People's Deputy of Ukraine
- In office 3 September 2013 – 8 July 2022
- In office 3 September 2013 – 27 November 2014
- Preceded by: Pavlo Lebedyev
- Succeeded by: Vacant
- Constituency: 224th (Sevastopol)
- In office 27 November 2014 – 29 August 2019
- Constituency: Party list
- In office 29 August 2019 – 8 July 2022
- Preceded by: Serhiy Matviyenkov
- Succeeded by: Vacant
- Constituency: 57th (Donetsk Oblast)

Personal details
- Born: 3 June 1963 (age 63) Staraya Russa, Soviet Union
- Citizenship: Soviet Union (1963-1991); Russia (1991-2012); Ukraine (since 2012); Serbia (since 2026);
- Party: Opposition Bloc
- Other political affiliations: Party of Regions (2013-2014)
- Alma mater: Leningrad Academy of Civil Aviation
- Occupation: Politician, businessman and priest
- Website: Official website

= Vadym Novynskyi =

Russian-Ukrainian businessman and politician

Vadym Novynskyi (Вадим Владиславович Новинський; born 3 June 1963) is a Russian-born Ukrainian billionaire businessman, deacon and politician of Armenian descent. He is the owner of the Smart Holding Group, which has made him one of the wealthiest people in Ukraine. Novynskyi is also a protodeacon of the canonical Ukrainian Orthodox Church (UOC). He was elected to the Ukrainian Parliament in 2013, later being re-elected in 2014 and 2019. He has also represented Ukraine in the Parliamentary Assembly of the Council of Europe.

Rising in the Ukrainian metallurgical industry as a junior business partner of billionaire Rinat Akhmetov, he remained actively involved in church affairs before entering politics. He is one of the largest Ukrainian donors to his country, with his foundation having provided substantial assistance to Ukrainian medical and rehabilitation centres during the coronavirus pandemic and the Russo-Ukrainian War. Despite initially maintaining good relations with President Volodymyr Zelenskyy, the two have since fallen out, with Novynskyi leaving the country, being charged with treason and accused of aiding Russia. Novynskyi has described the charges as politically motivated.

As of July 2026, Forbes magazine estimated his net worth at US$1.2 billion. This made him one of Ukraine's six billionaires in 2026.

== Early and personal life ==
Novynskyi was born on 3 June 1963 in Staraya Russa, Soviet Russia, to an ethnically Armenian family.

In 1985, he graduated from the Leningrad Academy of Civil Aviation in engineering management systems.

Novinskyi began his career by working for various Soviet companies.
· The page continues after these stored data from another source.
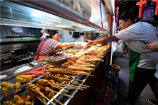 為了維護好夜市經(jīng)營秩序,開發(fā)區(qū)城管、轄區(qū)辦事處、市場監(jiān)管分局等6個部門派出工作人員,在現(xiàn)場值班,結(jié)合各自工作職能,發(fā)現(xiàn)問題現(xiàn)場解決。記者采訪時,開發(fā)區(qū)太昊路辦事處工作人員楊希在夜市門前值班,負責維持門前秩序。他告訴記者,在南廣場夜市經(jīng)營的商販們大多是附近村莊的居民,夜市攤位是很多家庭的主要收入來源?!叭缃?,區(qū)里為他們劃定了經(jīng)營地點,不僅便于管理,同時隨著夜市名氣提升,也為他們帶來了更多收入。”楊希說。城管隊員康壯壯告訴記者,自從把商戶集中在一起后,難題迎刃而解,夜市的經(jīng)營秩序和衛(wèi)生環(huán)境都得到了良好改善,城管隊員們的辛苦努力收到了明顯成效。①6
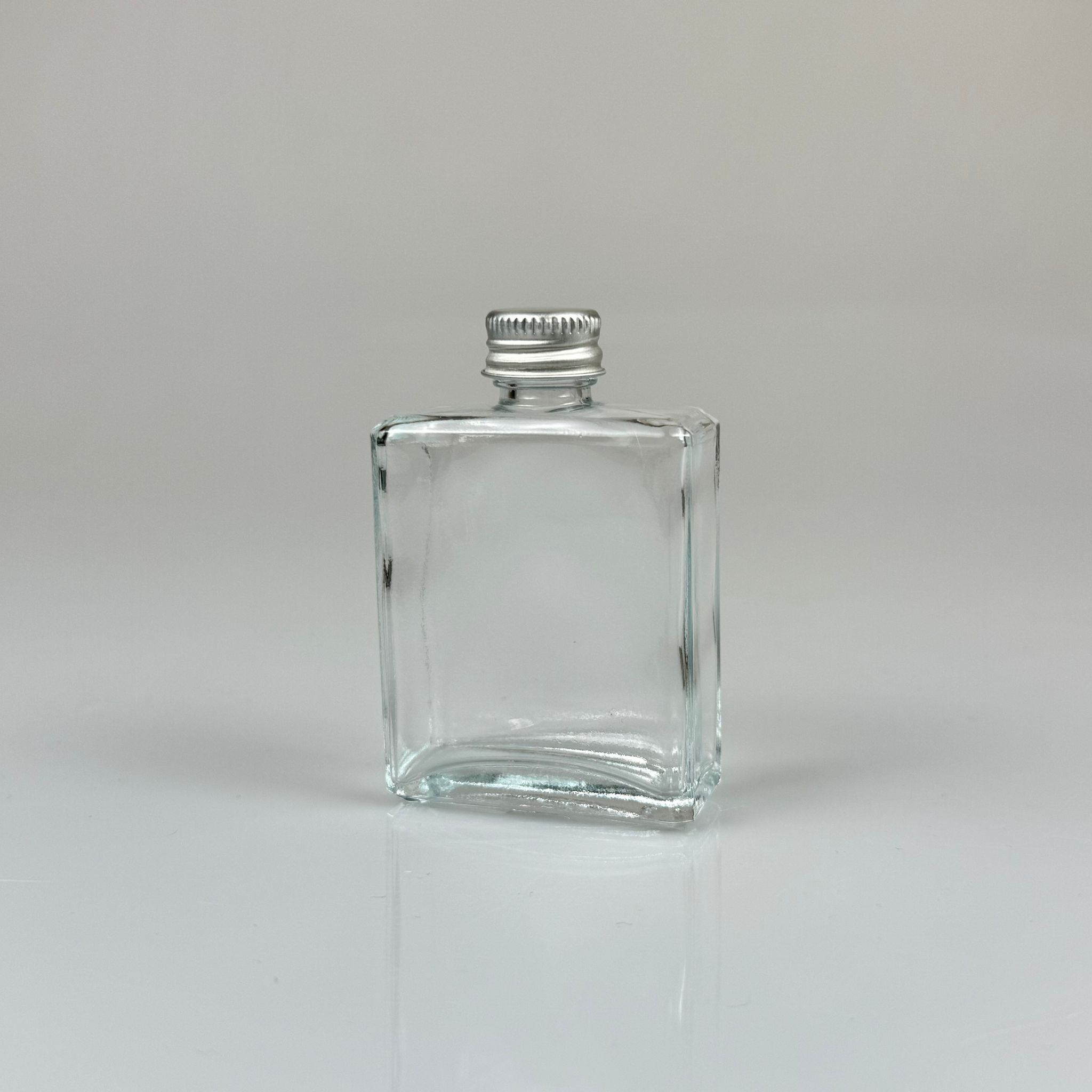 50 CC YASSI DİKDÖRTGEN CAM ŞİŞE - GÜMÜŞ METAL KAPAKLI - 50 ML PRESTİJLİ ŞİŞE
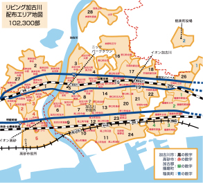 「リビング・クルー」と呼ばれる配布スタッフが、1人300部~500部をポスティングしており、リビング・クルーが住む近隣の決められたエリアを配布しています。
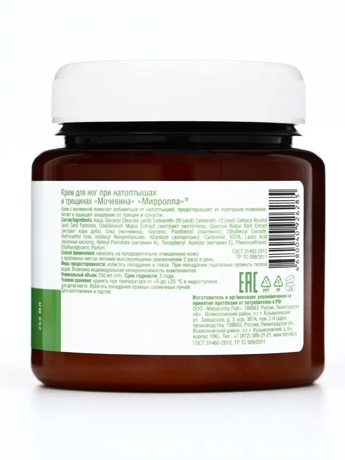 Состав: Aqua, Glyceryl Stearate (and) Ceteareth-20 (and) Ceteareth-12 (and) Cetearyl Alcohol (and) Cetyl Palmitate, Chelidonium Majus Extract (Экстракт чистотела), Quercus Robur Bark Extract (Экстракт коры дуба), Urea (мочевина), Glycerin, Panthenol (Пантенол), Ethylhexyl Cocoate, Hydroxyethyl Urea, Isodecyl Neopentanoate, Allantoin (Аллантоин), Carbomer, EDTA, Lactic Acid (молочная кислота), Retinyl Palmitate (витамин А), Tocopheryl Acetate (витамин Е), Phenoxyethanol, Ethylhexylglycerin, Parfum.

At the time of the dissolution of the Soviet Union in 1991, Novinskyi resided in what became the Russian Federation, of which he automatically became a citizen, although he moved to Ukraine in 1996 and switched to Ukrainian citizenship in 2012 by the order of the President of Ukraine, Viktor Yanukovych, on the basis of "distinguished services to the country".

He is married and has four children.

== Business career ==
Novynskyi began his business career in Ukraine in 1996, rising in Lukoil's North West division before acquiring smaller metallurgy companies.

In 1999, Novinskyi's combined these smaller companies to establish the Smart Group company with headquarters in Dnipropetrovsk. The same year, his partners and him created the Neva Holding company and acquired a 77% stake in the Bulgarian metallurgical plant Promet at a privatisation tender. Over the next decade, these ventures proved immensely profitable.

In 2006, Novinskyi and his billionaire business partner Andrei Klyamko united their Ukrainian metallurgy companies into Smart Holding Group. In 2007, they exchanged them for a 23.75% stake in Metinvest, in which they are junior partners with Rinat Akhmetov.

In 2010, Novinskyi's net worth was estimated at US$950 million. In 2011, this number rose to US$2.7 billion.

As of 2011, Smart Holding also owned large assets in the oil and gas sector, shipbuilding (the Black Sea, Kherson Shipyard, and Port Ochakiv) development, agriculture (Veres), finance (by controlling Unex Bank and being a minor shareholder in BM Bank, whose revenues in 2011 stood at $14.2 billion). In 2021, Unex Bank was sold to Dragon Capital, while the BM Bank was liquidated by the NBU in 2014.

As of 2013, Novynskyi had stakes in oil and gas company Regal Petroleum and supermarket chain Amstor.

In 2013, he was described as the fifth richest person in Ukraine, with a fortune of US$3.273 billion.

However, according to Ukrainian Forbes, in 2015, Vadim Novynskyi lost significant wealth and was no longer among the ten wealthiest Ukrainians.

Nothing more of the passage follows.